Find the line with "Keywords: Hamano Naohide" in the records below. Output exactly from there until after the line with "떡국 - 곰국, 떡, 계란, 대파, 후추, 소금", without pictures.

- **EXERCISE INPUT**:
◇ ◇ ◇ ◇ ◇ ◇ ◇

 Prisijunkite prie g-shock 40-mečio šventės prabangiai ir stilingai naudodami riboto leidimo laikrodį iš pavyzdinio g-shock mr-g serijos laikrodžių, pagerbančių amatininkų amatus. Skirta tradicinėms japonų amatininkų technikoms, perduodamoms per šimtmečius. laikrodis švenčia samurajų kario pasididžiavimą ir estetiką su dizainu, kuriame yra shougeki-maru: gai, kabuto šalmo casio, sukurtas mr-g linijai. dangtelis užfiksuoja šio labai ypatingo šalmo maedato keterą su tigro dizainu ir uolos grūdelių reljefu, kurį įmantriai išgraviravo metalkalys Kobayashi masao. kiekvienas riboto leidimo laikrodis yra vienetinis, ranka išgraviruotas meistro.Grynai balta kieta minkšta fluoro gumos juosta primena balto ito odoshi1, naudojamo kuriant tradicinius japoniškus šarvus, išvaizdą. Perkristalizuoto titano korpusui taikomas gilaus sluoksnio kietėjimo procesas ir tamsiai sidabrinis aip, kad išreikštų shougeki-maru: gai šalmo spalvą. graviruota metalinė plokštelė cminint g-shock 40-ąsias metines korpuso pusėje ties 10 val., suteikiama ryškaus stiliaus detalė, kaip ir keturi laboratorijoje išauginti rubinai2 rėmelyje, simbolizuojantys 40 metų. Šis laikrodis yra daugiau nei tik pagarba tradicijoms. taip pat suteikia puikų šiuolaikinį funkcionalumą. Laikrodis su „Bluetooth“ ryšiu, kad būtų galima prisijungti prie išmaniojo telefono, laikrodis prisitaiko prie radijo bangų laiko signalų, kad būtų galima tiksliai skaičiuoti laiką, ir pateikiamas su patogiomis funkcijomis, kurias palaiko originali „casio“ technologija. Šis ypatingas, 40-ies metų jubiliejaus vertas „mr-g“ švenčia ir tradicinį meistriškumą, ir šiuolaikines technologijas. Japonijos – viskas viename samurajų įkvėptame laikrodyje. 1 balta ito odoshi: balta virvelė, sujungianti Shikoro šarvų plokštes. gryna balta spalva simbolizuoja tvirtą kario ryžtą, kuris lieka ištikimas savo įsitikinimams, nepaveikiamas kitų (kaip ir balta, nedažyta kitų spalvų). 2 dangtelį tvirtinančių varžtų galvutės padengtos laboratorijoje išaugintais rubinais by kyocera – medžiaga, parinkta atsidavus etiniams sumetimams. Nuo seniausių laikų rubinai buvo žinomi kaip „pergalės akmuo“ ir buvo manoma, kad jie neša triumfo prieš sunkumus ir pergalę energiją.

◇ ◇ ◇ ◇ ◇ ◇ ◇

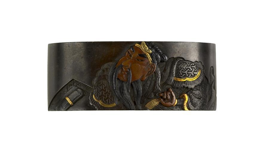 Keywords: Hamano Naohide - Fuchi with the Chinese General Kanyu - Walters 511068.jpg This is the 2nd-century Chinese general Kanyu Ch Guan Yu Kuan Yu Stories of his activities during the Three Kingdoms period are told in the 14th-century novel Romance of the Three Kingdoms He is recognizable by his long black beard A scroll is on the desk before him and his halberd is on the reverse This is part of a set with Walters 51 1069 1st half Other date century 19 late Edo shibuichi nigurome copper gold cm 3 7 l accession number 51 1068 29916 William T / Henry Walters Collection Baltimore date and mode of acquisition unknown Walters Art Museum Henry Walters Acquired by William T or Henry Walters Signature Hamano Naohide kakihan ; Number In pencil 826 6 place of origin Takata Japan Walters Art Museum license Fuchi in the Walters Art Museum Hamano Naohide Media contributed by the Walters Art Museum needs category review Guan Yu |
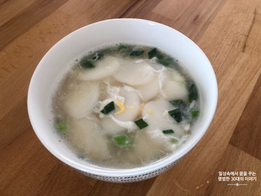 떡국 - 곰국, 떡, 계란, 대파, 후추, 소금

◇ ◇ ◇ ◇ ◇ ◇ ◇

- **ANSWER SPACE**:
 Keywords: Hamano Naohide - Fuchi with the Chinese General Kanyu - Walters 511068.jpg This is the 2nd-century Chinese general Kanyu Ch Guan Yu Kuan Yu Stories of his activities during the Three Kingdoms period are told in the 14th-century novel Romance of the Three Kingdoms He is recognizable by his long black beard A scroll is on the desk before him and his halberd is on the reverse This is part of a set with Walters 51 1069 1st half Other date century 19 late Edo shibuichi nigurome copper gold cm 3 7 l accession number 51 1068 29916 William T / Henry Walters Collection Baltimore date and mode of acquisition unknown Walters Art Museum Henry Walters Acquired by William T or Henry Walters Signature Hamano Naohide kakihan ; Number In pencil 826 6 place of origin Takata Japan Walters Art Museum license Fuchi in the Walters Art Museum Hamano Naohide Media contributed by the Walters Art Museum needs category review Guan Yu |
 떡국 - 곰국, 떡, 계란, 대파, 후추, 소금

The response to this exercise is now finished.